M. El Hirch-Morchid (Mainz)¹, R. Skyes (Clydebank)², D. Ang (Clydebank)², S. Biscaglia (Cona (FE))³, G. Campo (Ferrara)⁴, F. Crea (Rome)⁵, J. Escaned (Madrid)⁶, G. Esposito (Milan)⁷, D. Galante (Rom)⁸, H. Mejia-Renteria (Madrid)⁹, S. Miner (Toronto)¹⁰, J. Oreglia (Milan)¹¹, L. Di Serafino (Napoli)¹², M. Weferling (Bad Nauheim)¹³, A. M. Leone (Rome)⁵, C. Berry (Glasgow)¹⁴, T. Gori (Mainz)^15
1Universitätsmedizin Mainz Zentrum für Kardiologie Mainz, Deutschland; ²School of Cardiovascular and Metabolic Health, University of Glasgow Clydebank, Großbritannien; ³Azienda Ospedaliero-Universitaria S. Anna Cardiovascular Institute Cona (FE), Italien; ⁴Cardiovascular Institute Dipartimento di Medicina Traslazionale U.O. Cardiologia Ferrara, Italien; ⁵Catholic University of the Sacred Heart Agostino Gemelli Hospital Rome, Italien; ⁶Hospital Clinico San Carlos Madrid, Spanien; ⁷Division of Interventional Cardiology, De Gasperis Cardio Center ASST Grande Ospedale Metropolitano Niguarda Milan, Italien; ⁸Center of Excellence in Cardiovascular Rom, Italien; ⁹Department of Cardiology, Hospital Clinico San Carlos IDISSC, Universidad Complutense de Madrid Madrid, Spanien; ¹⁰Southlake Regional Health Centre Cardiology Toronto, Kanada; ¹¹De Gasperis Cardio Center ASST Grande Ospedale Metropolitano Niguarda Division of Interventional Cardiology Milan, Italien; ¹²Department of Advanced Biomedical Sciences, University of Naples Federico II Napoli, Italien; ¹³Kerckhoff Klinik GmbH Abteilung für Kardiologie Bad Nauheim, Deutschland; ¹⁴Golden Jubilee National Hospital, University of Glasgow School of Cardiovascular and Metabolic Health Glasgow, Großbritannien; ¹⁵Universitätsmedizin der Johannes Gutenberg-Universität Mainz Zentrum für Kardiologie Mainz, Deutschland

Background:
A myocardial bridge is an abnormal coronary artery course where a segment of a coronary artery runs within the myocardium, causing compression and mechanical irritation. Previous studies have shown a correlation between myocardial bridges and epicardial coronary artery spasm.

Methods:
In an international multicenter cohort (Micro-SNAPE, NCT06125392) we analyzed 1,118 patients who underwent coronary angiography with physiological assessment. The diagnosis of acetylcholine-induced epicardial coronary artery spasm was based on Micro-SNAPE criteria. MB was adjudicated based on >50% systolic obstruction at angiography. Diagnoses and statistical analysis were performed by a core laboratory. Multivariable logistic regression was adjusted for demographic variables, cardiovascular risk factors, and medical history.

Results:
Among the 1,088 patients analyzed, 124 (11.3%) had a myocardial bridge. Epicardial spasm was observed in 189 patients (17.4%). Patients with myocardial bridges exhibited a higher prevalence of epicardial spasm compared to those without myocardial bridges (31.1% vs. 15.2%; p<0.001).
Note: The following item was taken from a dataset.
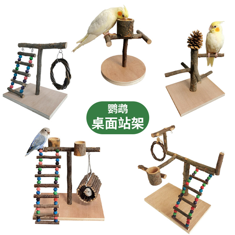 Tongkat mainan burung bayan kayu padat berdiri latihan burung bayan persediaan meja latihan berdiri tongkat burung bayan interaktif taman bermain

In the adjusted regression model (n = 939 complete cases), an independent association between myocardial bridge and epicardial spasm was demonstrated (OR 2.59, 95% CI 1.62-4.16; p<0.001). Average marginal effects indicated a 12.7% absolute increase in the probability of spasm attributable to MB. In contrast, there was no association with microvascular spasm.

Conclusion:
The presence of myocardial bridges is an independent predictor of epicardial spasm. This supports the hypothesis that myocardial bridges may have a mechanistic role in the development of vasospastic angina.